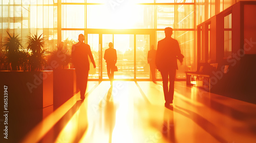 Blurry silhouettes of people in a sunny room. Solarian. Illustration
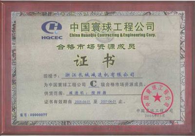 2005年6月3日,虞總應邀出席“第一屆中國寰球工程公司合格市場資源成員證書頒發(fā)儀式暨工程項目總承包研討會”,代表公司領取了中國寰球工程公司頒發(fā)的“合格市場資源成員證書”。長城減速機以其可靠的產品...
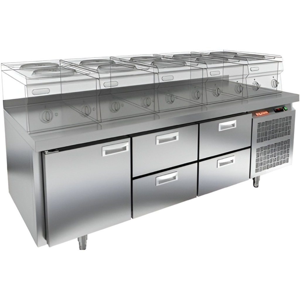 Каталог оборудования Холодильное оборудованиеСтолы охлаждаемыеСтолы холодильные под тепловое оборудованиеСтол охлаждаемый HiCold SN 122/TN LT под тепловое оборудование Стол охлаждаемый HiCold SN 122/TN LT под тепловое оборудование Код товара: 065-547 Поделиться: WhatsAppTelegram СравнитьДобавить в КПВ избранное 0 193 042 ₽ В корзину 0 шт Под заказСамовывоз сегодня бесплатно Взять в кредит Купить в лизинг Получить консультацию в WhatsApp Описание Характеристики Отзывы 0 Инструкции 2 Стол охлаждаемый HiCold SN 122/TN LT SH под тепловое оборудование предназначен для обработки ингредиентов и временного хранения скоропортящихся продуктов и напитков на предприятиях общественного питания и торговли. Устройство совмещает функции рабочей поверхности и холодильной камеры. Столешница рассчитана на установку теплового оборудования: под рабочей поверхностью встроен ДСП-лист, который укрепляет конструкцию и препятствует проникновению тепла внутрь. Такое решение обеспечивает дополнительную жесткость, позволяет рационально использовать рабочее пространство и повышает эффективность работы на кухне. Особенности: 1 распашная дверь — обеспечивает удобный доступ к внутреннему пространству. 4 выдвижных ящика — обеспечивают удобный доступ к продуктам и инвентарю Автоматические доводчики дверей с фиксатором открытого положения повышают эргономику и способствуют сохранению холода. Легкозаменяемые магнитные уплотнители обеспечивают плотное прилегание дверей и лёгкость в обслуживании. Открытая агрегатная часть упрощает доступ к компрессору при техническом обслуживании. Регулируемые по высоте низкие ножки — удобная установка и устойчивость стола даже на неровной поверхности. Толщина столешницы — 50 мм обеспечивает прочность рабочей поверхности. Высота борта — 50 мм предотвращает падение продуктов и инвентаря. Толщина теплоизоляции — 50 мм способствует энергоэффективности и стабильному температурному режиму. HiCold SN 122/TN LT SH — это надёжное и удобное оборудование, сочетающее охлаждение и рабочее пространство. Благодаря продуманной конструкции и совместимости с гастроемкостями GN 1/1, стол станет практичным решением для кухни любого профессионального уровня.Изображение товара, представленного на фото, может отличаться от его фактического вида. Показать все Габаритные размеры1835×600×675 ммДиапазон рабочей температурыот -2 до +10 °CМатериал столешницыНержавеющая Расположение агрегатаБоковое Объём320 лТип столаС дверьми и ящиками Тип двериГлухая Количество дверей1 штКоличество ящиков4 штРазмер полки430×325 ммНапряжение220 ВМощность0,46 кВтТип охлажденияДинамический Тип оттайкиАвтоматическая СтолешницаС бортом Габариты в упаковке1935×740×970 ммВес нетто162 кгВес брутто182 кгБрендHicold Оставить отзыв Еще никто не оставил отзыв на этот товар Паспорт на HICOLD SN 122TN LT SH.pdfДекларация о соответствии.pdf Похожие товары Перейти в каталог В наличии 128 777 ₽ Стол морозильный Cooleq GN3200BT с бортом Под заказ 166 404 ₽ Стол морозильный Abat СХН-70-02 без борта (дверь, дверь, дверь) С этим товаром покупают В наличии 140 675 ₽ Шкаф холодильный универсальный Polair CV 110-S Под заказ 76 010 ₽ Газовый лавовый гриль Abat ГЛК-40Н Ранее просмотрено Под заказ 193 492 ₽ Стол охлаждаемый HiCold GN 122/TN LT под тепловое оборудование
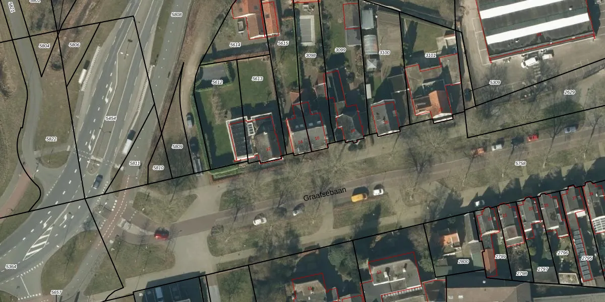 Het perceel waarop Graafsebaan 14 staat heeft een oppervlakte van 542 m². Dit is een groot perceel. De perceeloppervlakte wordt geregistreerd door het Kadaster. Gedetailleerde informatie over de maten van dit perceel kunt u vinden in het rapport Kadastrale kaart met maatvoering van Graafsebaan 14.
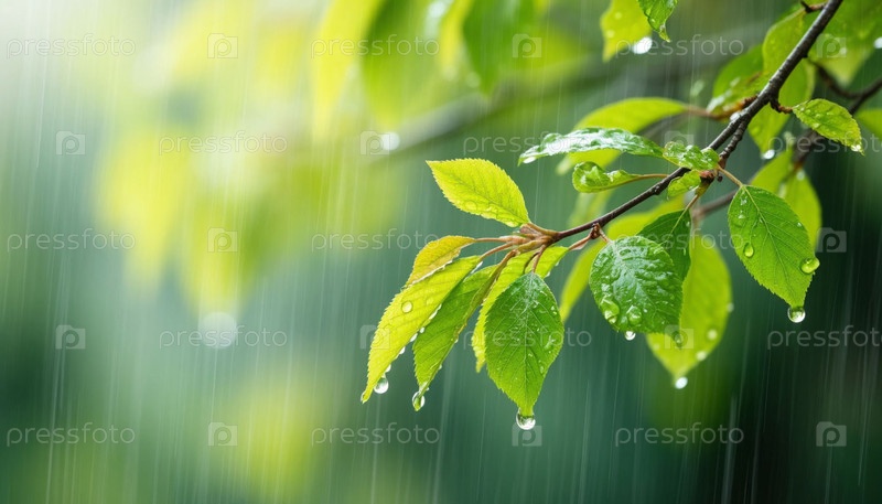 Ветвь с зелеными листьями, дождь
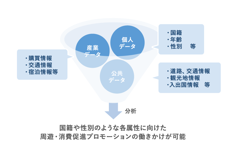 訪日観光客数の増大に向け、社会全体でこれらのデータを共有・活用し、
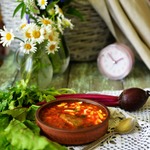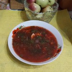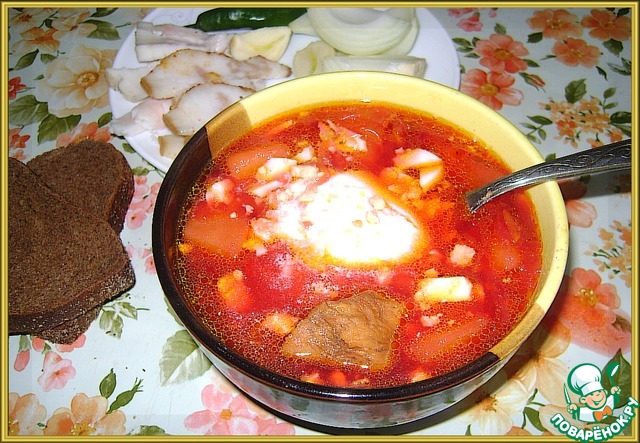 Даем поварится мясу минут 30-40, затем добавляем картофель и варим еще минут 20... Затем добавляем поджарку из лука и моркови, свеклу и яйца, солим и добавляем лавровый лист. Варим еще минут 10 и суп готов... Можно кушать... Очень вкусно со сметаной и чесночными гренками..
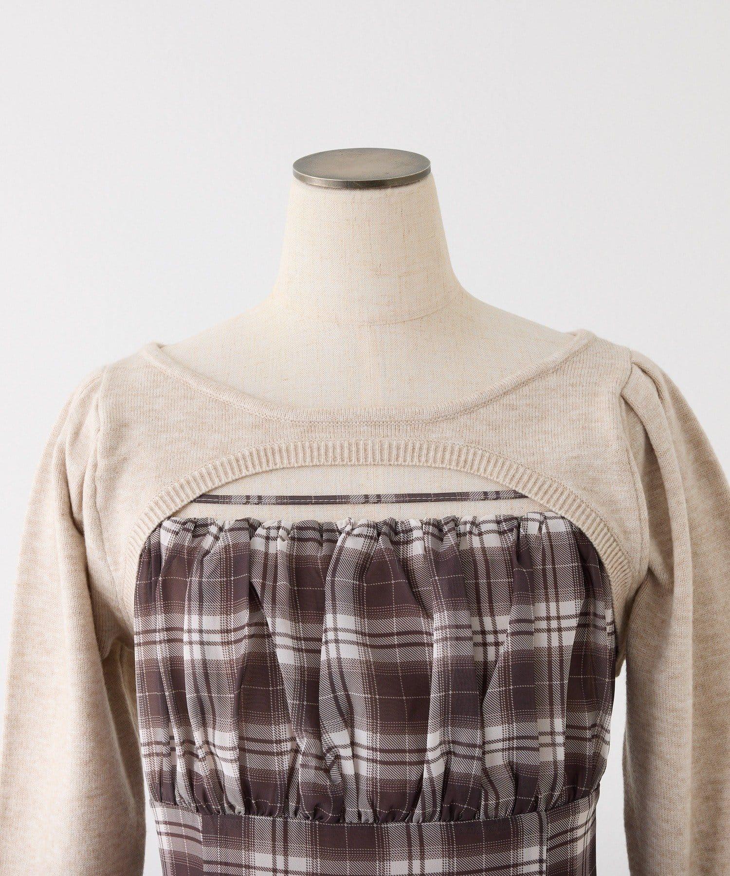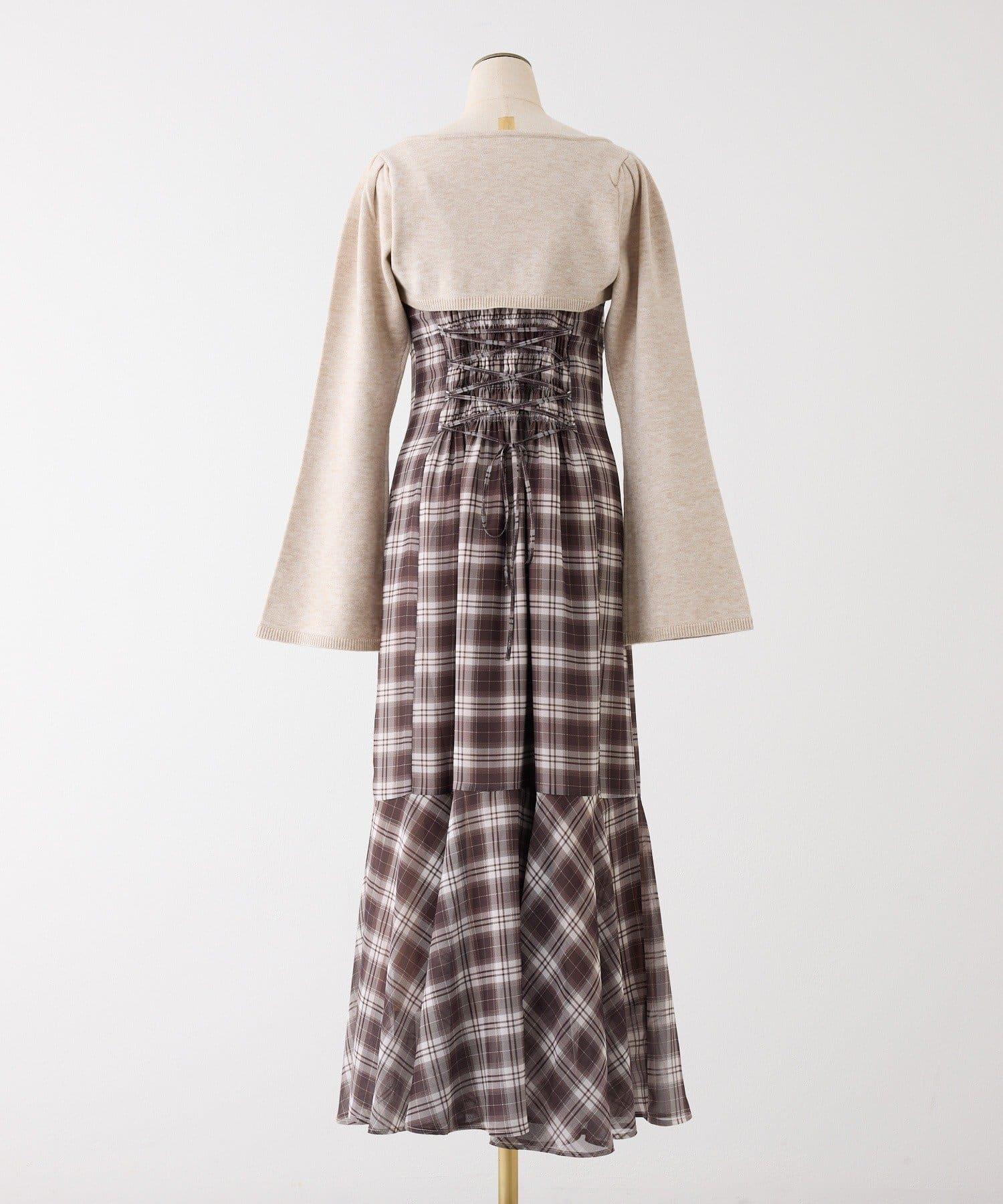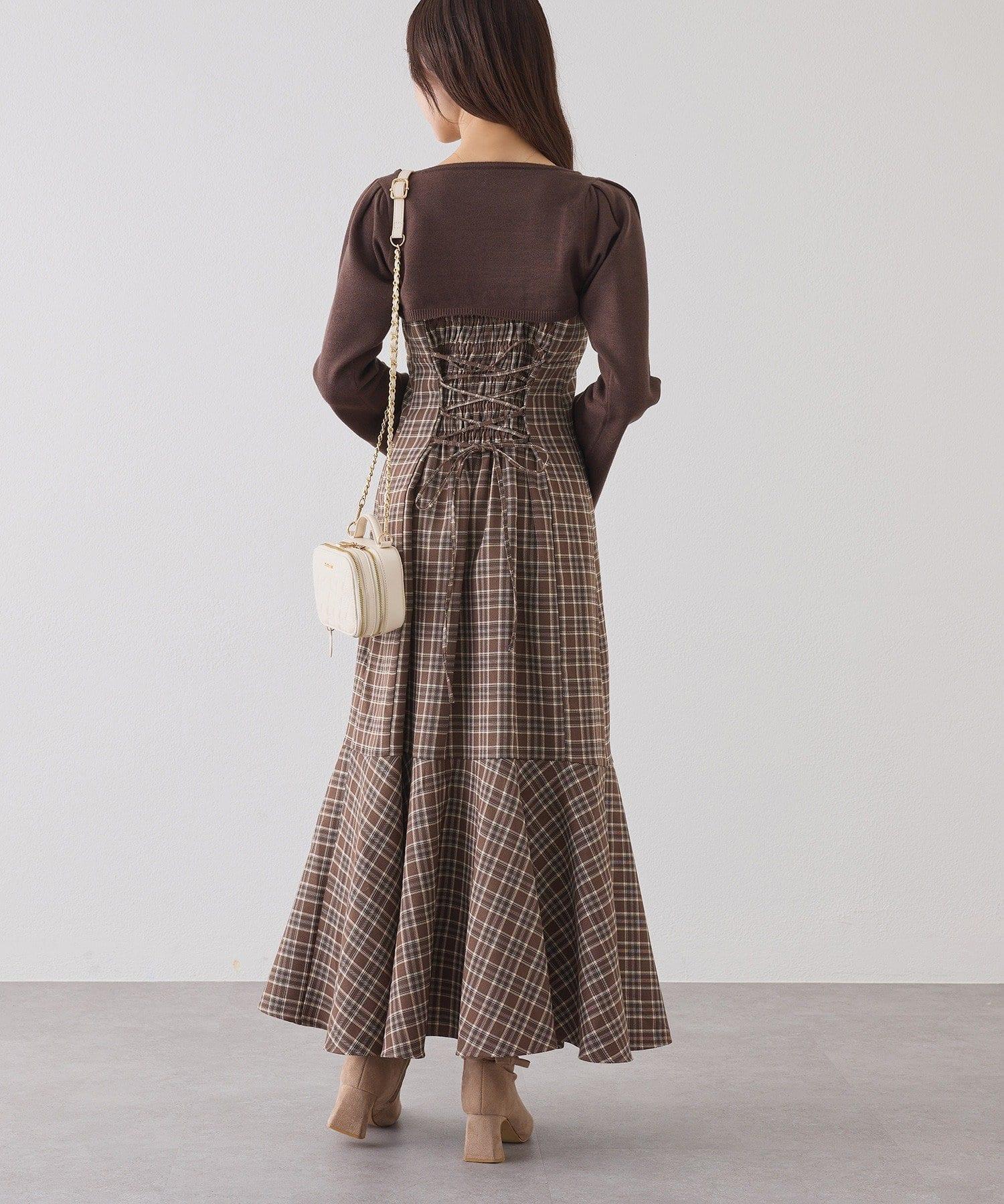 人魚線輪廓的短上衣和吊帶連衣裙的平整套裝。
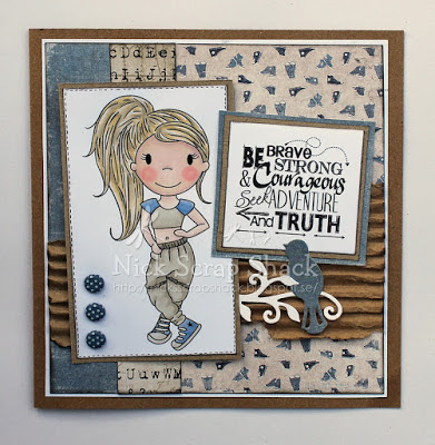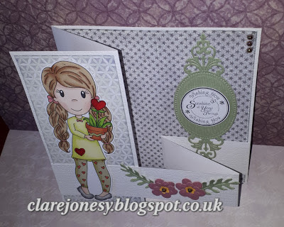The sweet focal character has been coloured wonderfully, with lovely soft tones and eye-catching details. Her sparkly glasses and coordinating outfit add so much charm, making her the perfect centrepiece for the design.
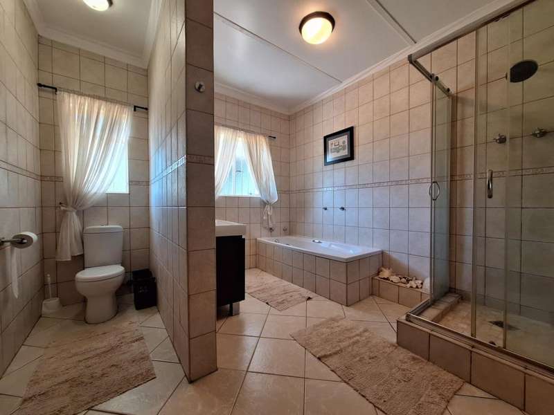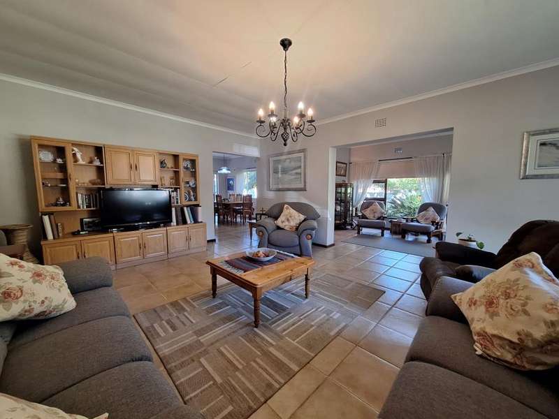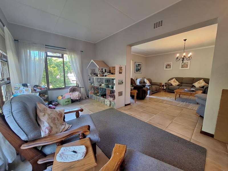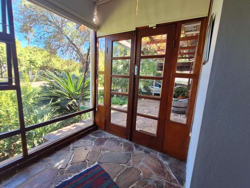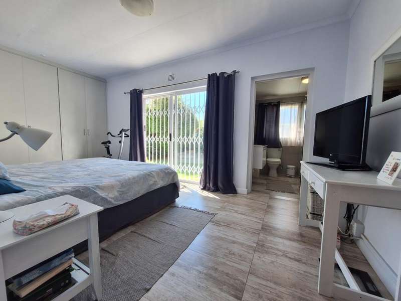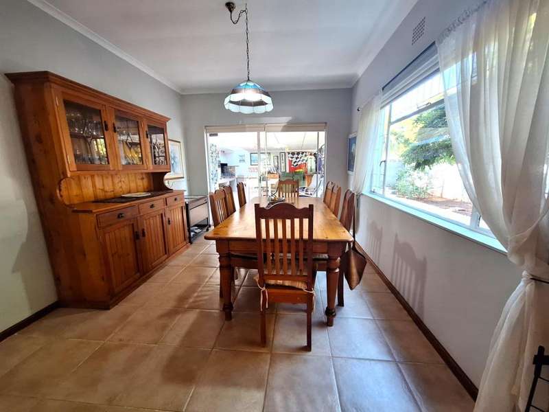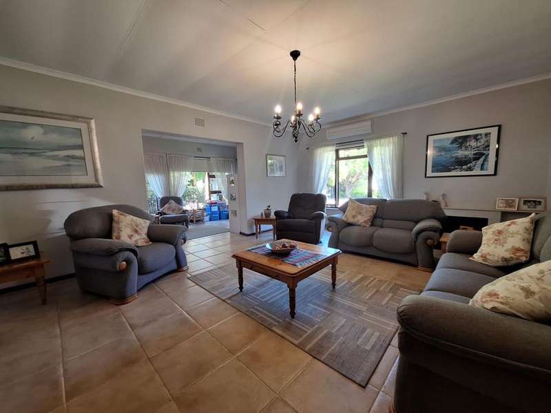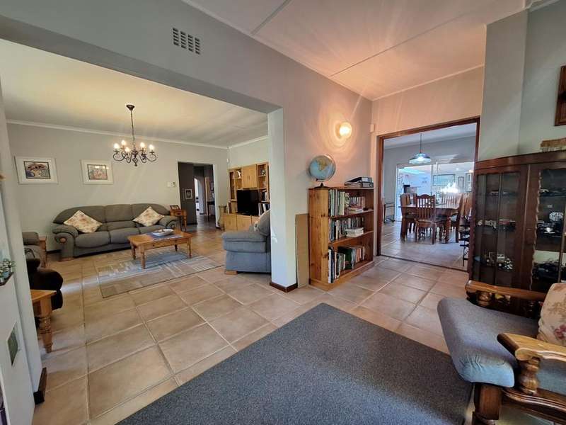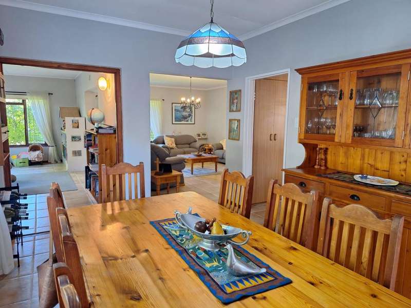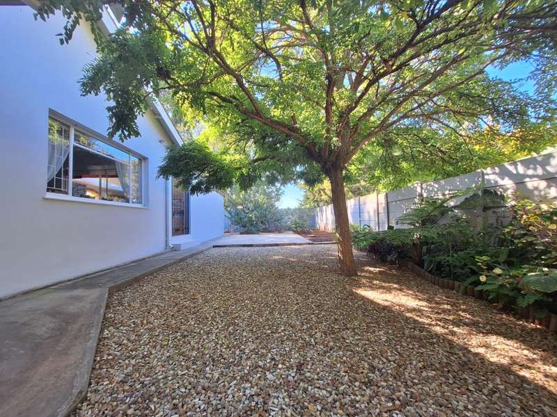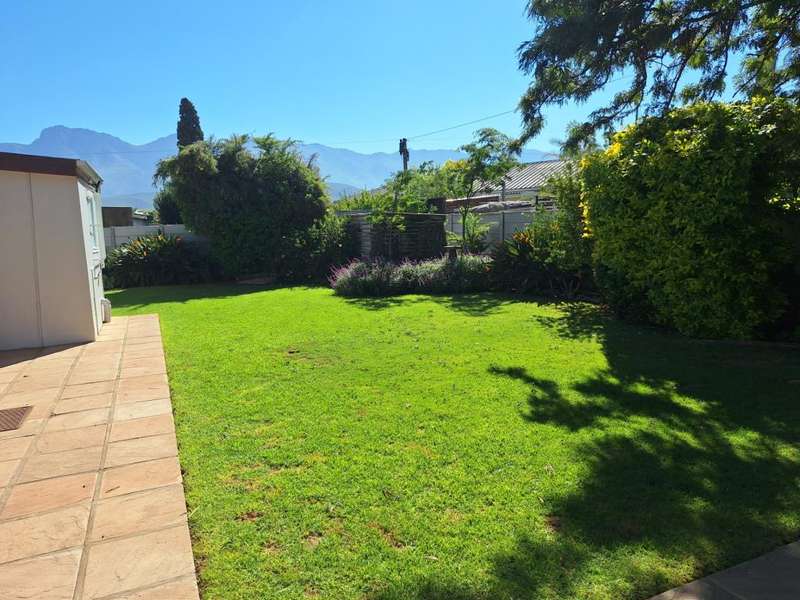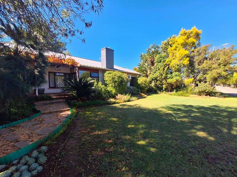 This property is the ideal family home. Spacious, light-filled and with a lush garden in a sought-after area in Robertson. Two generously sized, inviting living areas with ample windows create a warm space with a fireplace in the first lounge. The flow of the house has been expertly designed to create a feeling of openness and ensuring that the house is filled with light. The two living areas lead into the dining room which in turn leads to the braai room with built-in braai. The braai room is a lovely entertainment space, spacious and it leads directly to the back garden and to the side of the house where there is a lovely outside area under the trees. The kitchen has ample built-in cupboards and overlooks the back garden. A spacious scullery is conveniently located next to the kitchen and leads to the enclosed back garden. Positioned for privacy, the four bedrooms are situated on the opposite side of the house, with the main bedroom offering an ensuite bathroom and double doors opening to the garden. A full guest bathroom services the three guest bedrooms with the main bedroom being en-suite. The bedrooms are all fitted with built-in closets. The main bedroom has double doors which opens to the back garden. Added value to the property is an alarm system, the availability of leiwater, additional workspace in the house, additional parking in the back garden, fibre and two air conditioners.
━━━━━━━━
_WHAT TO PRODUCE_.
Look above for the line with "Даем поварится мясу" and the line with "The sweet focal", then restate exactly those two lines and all lines between them, with no pictures.

_WRITTEN ANSWER_.
 Даем поварится мясу минут 30-40, затем добавляем картофель и варим еще минут 20... Затем добавляем поджарку из лука и моркови, свеклу и яйца, солим и добавляем лавровый лист. Варим еще минут 10 и суп готов... Можно кушать... Очень вкусно со сметаной и чесночными гренками..
 人魚線輪廓的短上衣和吊帶連衣裙的平整套裝。
The sweet focal character has been coloured wonderfully, with lovely soft tones and eye-catching details. Her sparkly glasses and coordinating outfit add so much charm, making her the perfect centrepiece for the design.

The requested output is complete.